We suggest a new way forward for open source systems for the EU’s AI Act. On the one hand, the Act’s provisions for open-source foundation models may mean hefty liabilities for providers, which has the potential to stifle growth, restrict competition, and consolidate power. This is an outcome we would like to avoid. On the other hand, however, open-source foundation models can potentially cause harm. While we aren’t quite there yet regarding extreme dangers, we suspect that calculus will change in the coming years (for example, through models posing biosecurity or cybersecurity risks).

Because the time it will take to move from existing capabilities to future capabilities is unknown, we propose that regulators should build the infrastructure to conduct safety evaluations for open-source foundation models sooner rather than later. We argue that while the release of today’s open-source models should be supported and unrestricted, regulators ought to design provisions concerned with identifying clearly defined dangerous capabilities and preventing the proliferation of dangerous models released on an open-source basis in the future.

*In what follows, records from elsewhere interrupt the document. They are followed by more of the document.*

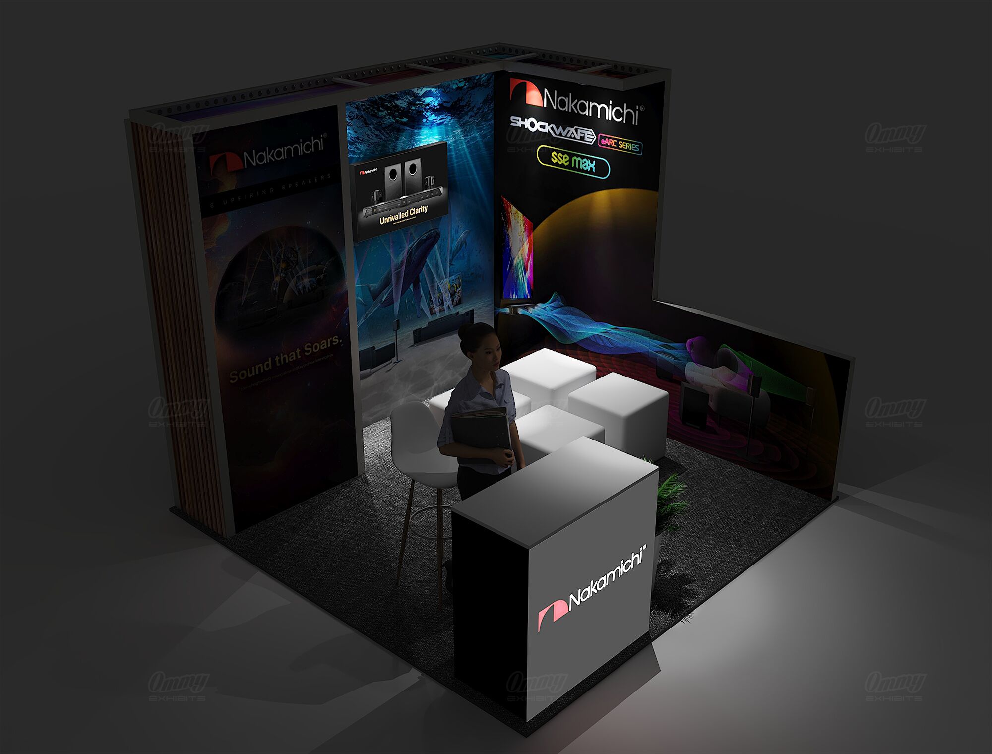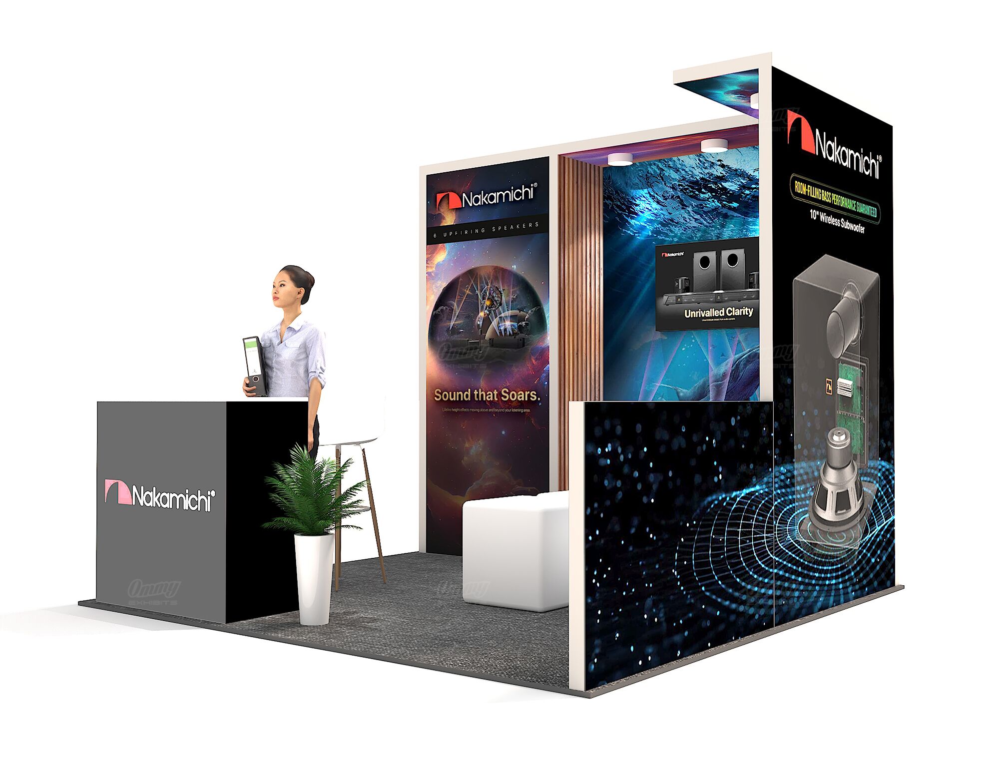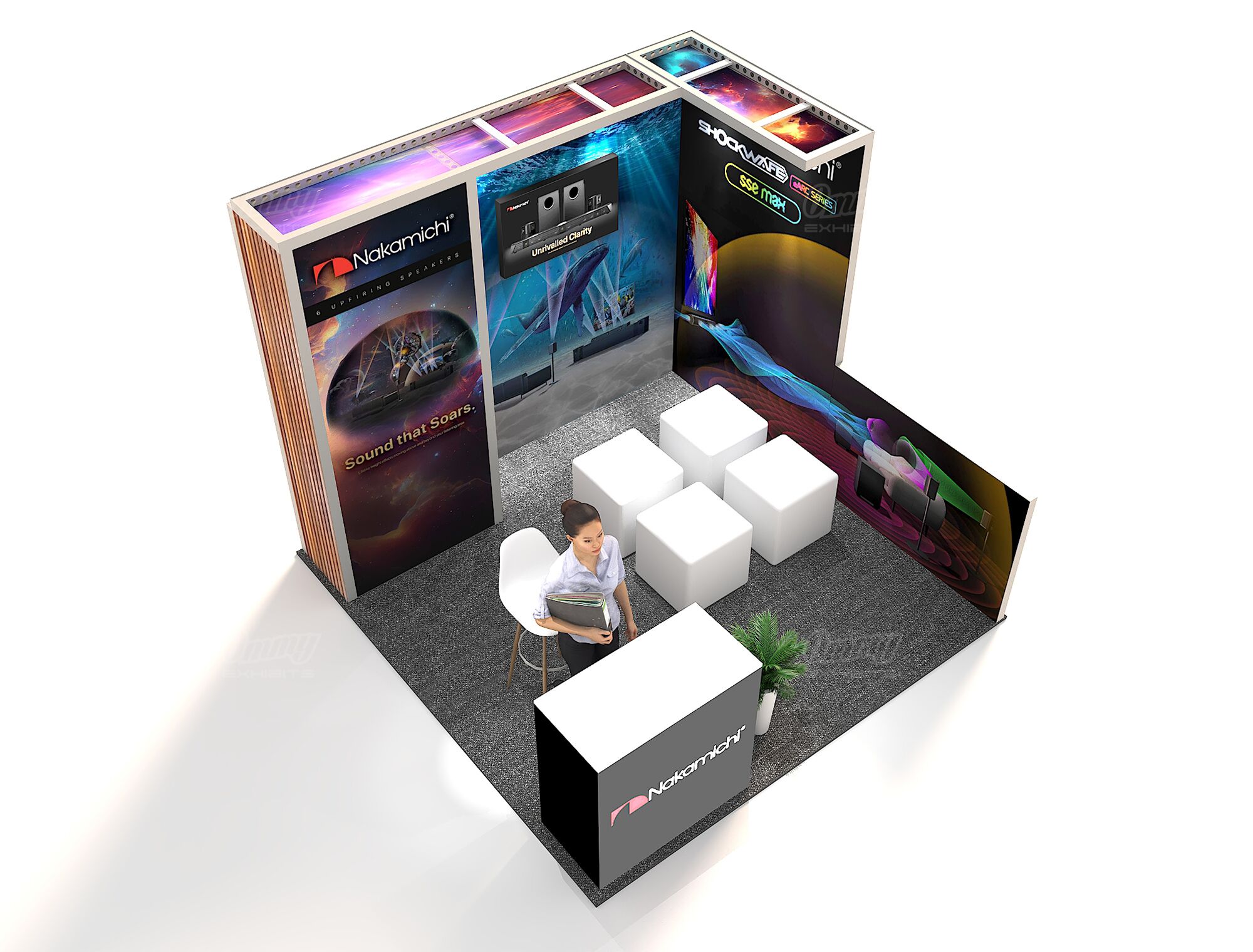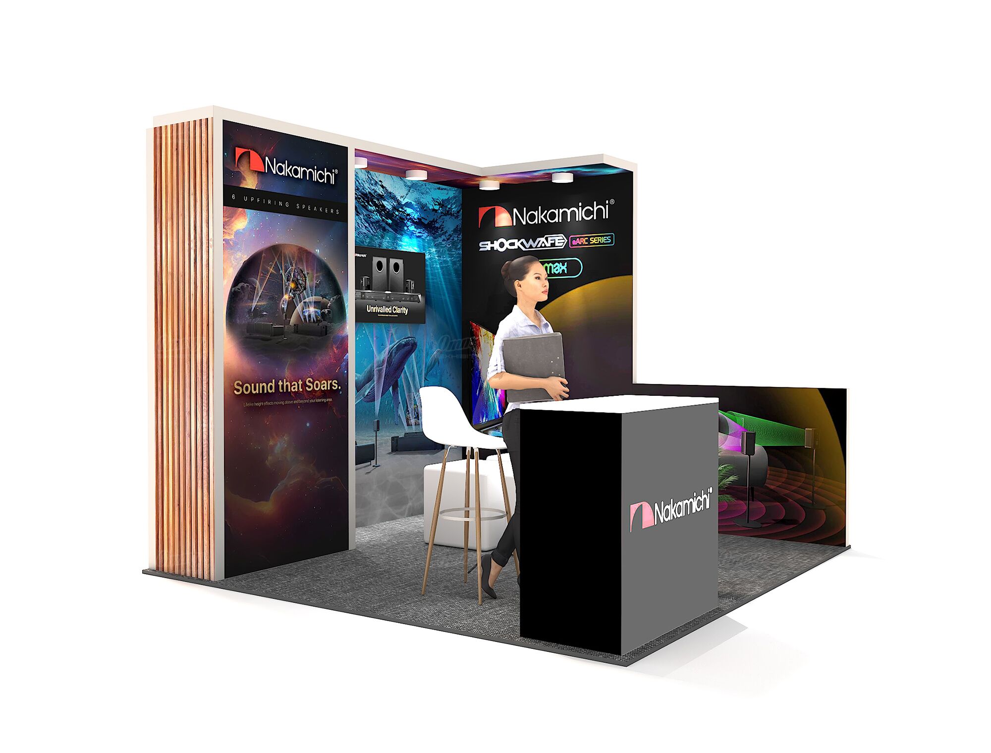 This compact yet powerful design features a full-color back wall and side graphics that showcase your brand from every angle, ensuring maximum visibility on a busy show floor. The integrated downlights keep your messaging bright and eye-catching, while the video display adds dynamic content that naturally draws attendees to your space. It’s a complete, turnkey solution that delivers professional impact without the complexity—just show up and start connecting with prospects.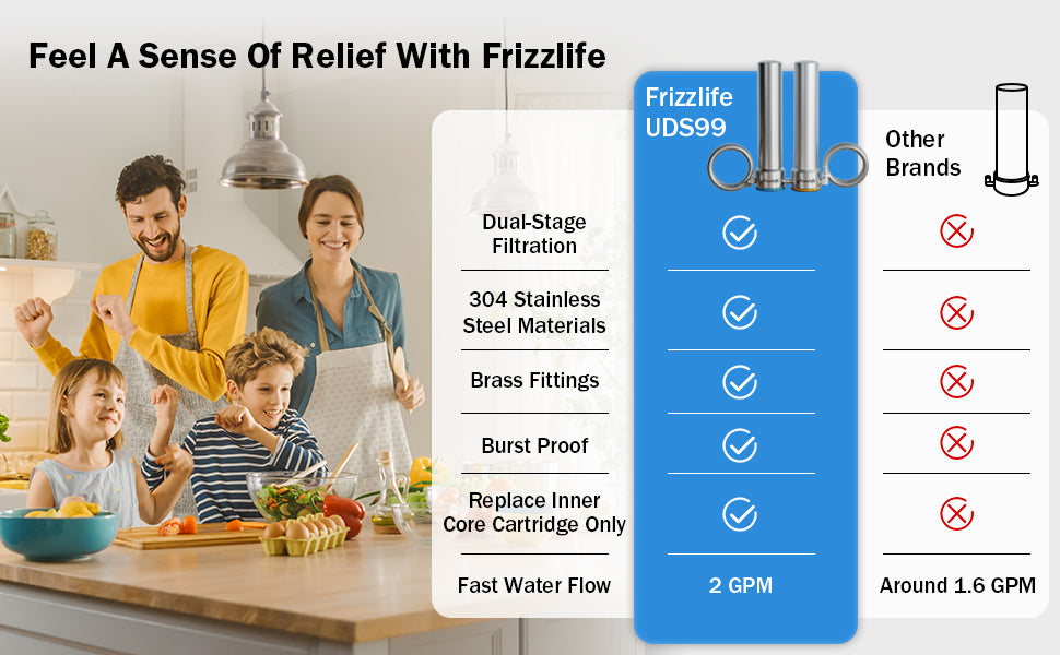 - A diferencia de otras marcas que utilizan accesorios de plástico baratos y frágiles, el sistema de filtración de agua de doble etapa Frizzlife UDS99 utiliza accesorios de latón sin plomo de alta calidad. Por lo tanto, garantiza una filtración de agua más segura y confiable.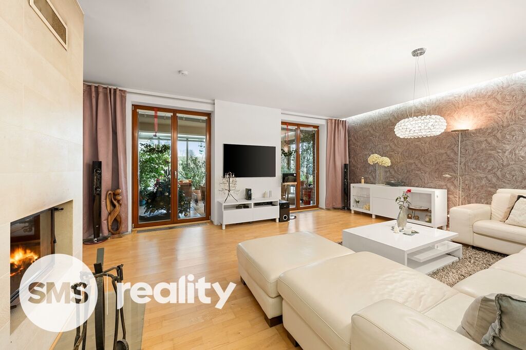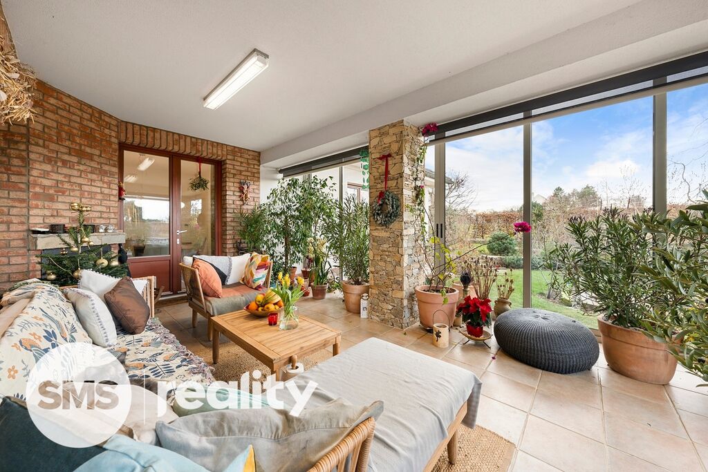 • Společenská část zahrnuje kuchyni s jídelnou, která navazuje na prostorný obývací pokoj s centrálním krbem a přímým vstupem na zimní zahradu s venkovním krbem.
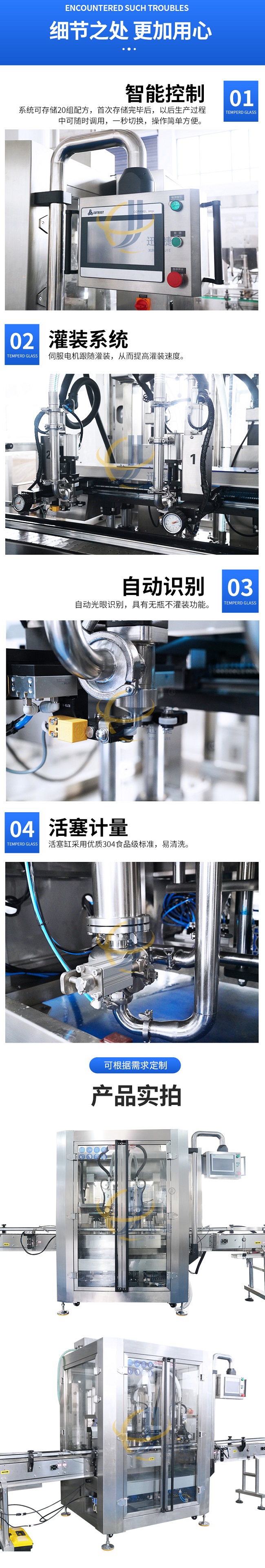 隨著現(xiàn)代經(jīng)濟飛速發(fā)展,人們的生活品質(zhì)都大大提高了,現(xiàn)在大家對于調(diào)味醬肯定都不陌生了,現(xiàn)在市場上各種各樣的調(diào)味醬深受人們的喜愛,例如有牛肉醬、香菇醬、甜辣醬、番茄醬等等,調(diào)味醬市場競爭激烈,要想吸引人們的購買欲,包裝肯定是必不可少的,所以許多商家開始與全自動調(diào)味醬灌裝機設(shè)備生產(chǎn)廠家合作。那么很多客戶不知道全自動調(diào)味醬灌裝機設(shè)備哪家好,這里小編推薦濟南迅捷,公司多年來一直勇于創(chuàng)新,以市場的需求為最重要的,引進了先進的技術(shù),生產(chǎn)的全自動調(diào)味醬灌裝機設(shè)備不僅在質(zhì)量,品質(zhì)上都很棒而且還具備了使用壽命長,操作簡單,灌裝精準等等一系列優(yōu)點。全自動調(diào)味醬灌裝機設(shè)備滿足了客戶的一系列要求給企業(yè)帶來了很大的利潤。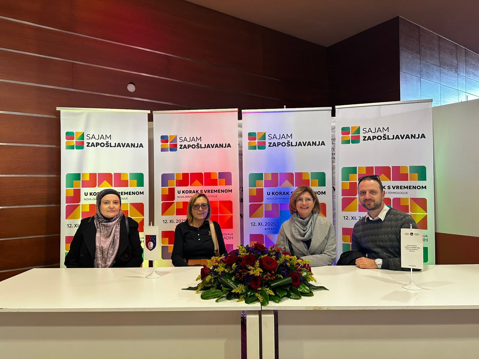Danas smo zakoračili u prostor gdje se susreću znanje, prilike i hrabrost da se napravi prvi profesionalni korak. U Skenderiji, na Sajmu zapošljavanja 2025, naši učenici/e su bili/e u prilici upoznati savremene trendove tržišta rada, razgovarati sa poslodavcima i otkriti nove profesionalne mogućnosti. Učenici/e su informisani o aktuelnim ponudama poslodavaca, zanimanjima koja su tražena. Na Sajmu su se predstavili poslodavci koji nude radna mjesta, a nezaposleni, učenici/e, studenti/ce su ostvarili kontakte sa poslodavcima, kroz razgovore, panel diskusije i debate. Na Sajmu su održane i dvije panel diskusije: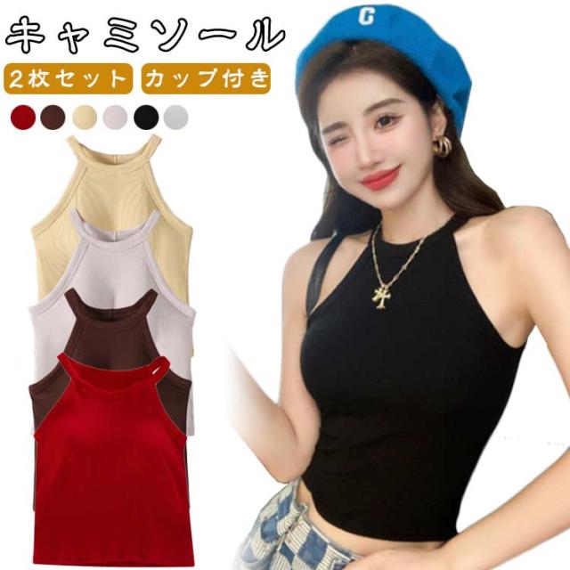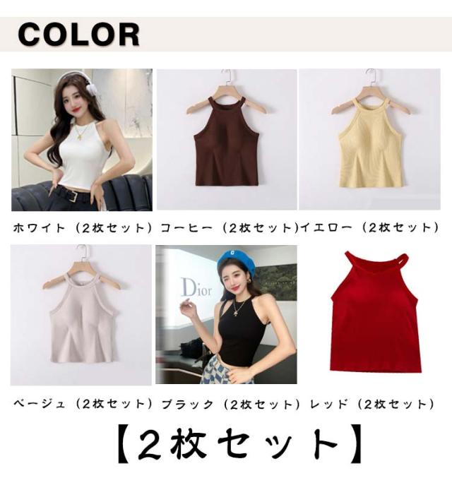 レディース カップ付き トップス タンクトップ リブ レイヤード 2枚セット キャミソール おしゃれ ブラカップ ブラトップ 春夏 リブ生地 ノースリーブ ホルターネック 部屋着 インナー 無地 重ね着 お洒落 シンプル ストレッチ性 リラックスウエア

In practice, the release of future open-source foundation models should include testing and safety evaluations for dangerous capabilities to ensure policymakers and users of such models know the risks associated with their release. One way to do that is through new benchmarks, metronomy, and evaluations to help manage powerful foundation models. We should reconsider their release if models show alarming capabilities. Another is through new transparency and access requirements—like structured access mechanisms and rich documentation—that would apply to all foundation models. (With respect to transparency requirements, however, we understand that while they may help increase accountability, they likely cannot prevent the proliferation of dangerous models. In some instances, they may plausibly be counterproductive, too.)

Striking the right balance is crucial: overly broad requirements, as advocated for in recent drafts, risk entrenching power and dampening growth, whereas overly lax requirements advocated by skeptics might cause serious harm. For this reason, we favor the structured access paradigm. These programs enable researchers to verify developer claims, ensuring that only reliable foundation models are widely used.

As we write in the paper, “Ultimately, we contend that for open-source models, the Act’s broad scope risks encompassing too much. Instead, we suggest the development of better tools, evaluations, definitions, and thresholds to limit risks and negative externalities, and propose only restricting the release of open source foundation models that are demonstrably more complex, capable, and dangerous.”

Between the lines

Ensuring the benefits of AI are spread while mitigating against the proliferation of dangerous models is a defining challenge of our industry. Striking the right balance will always prove difficult, and parties will always disagree about whether a settlement is too restrictive or too generous.

Open-source models are an important part of this puzzle. Not only do they act as a mechanism for diffusing the benefits of AI, but they also contribute to the growth of the AI ecosystem writ large. While we support measures that favor minimal restrictions on open-source models today, it is unfortunate that such a position will prove dangerous as models become more sophisticated.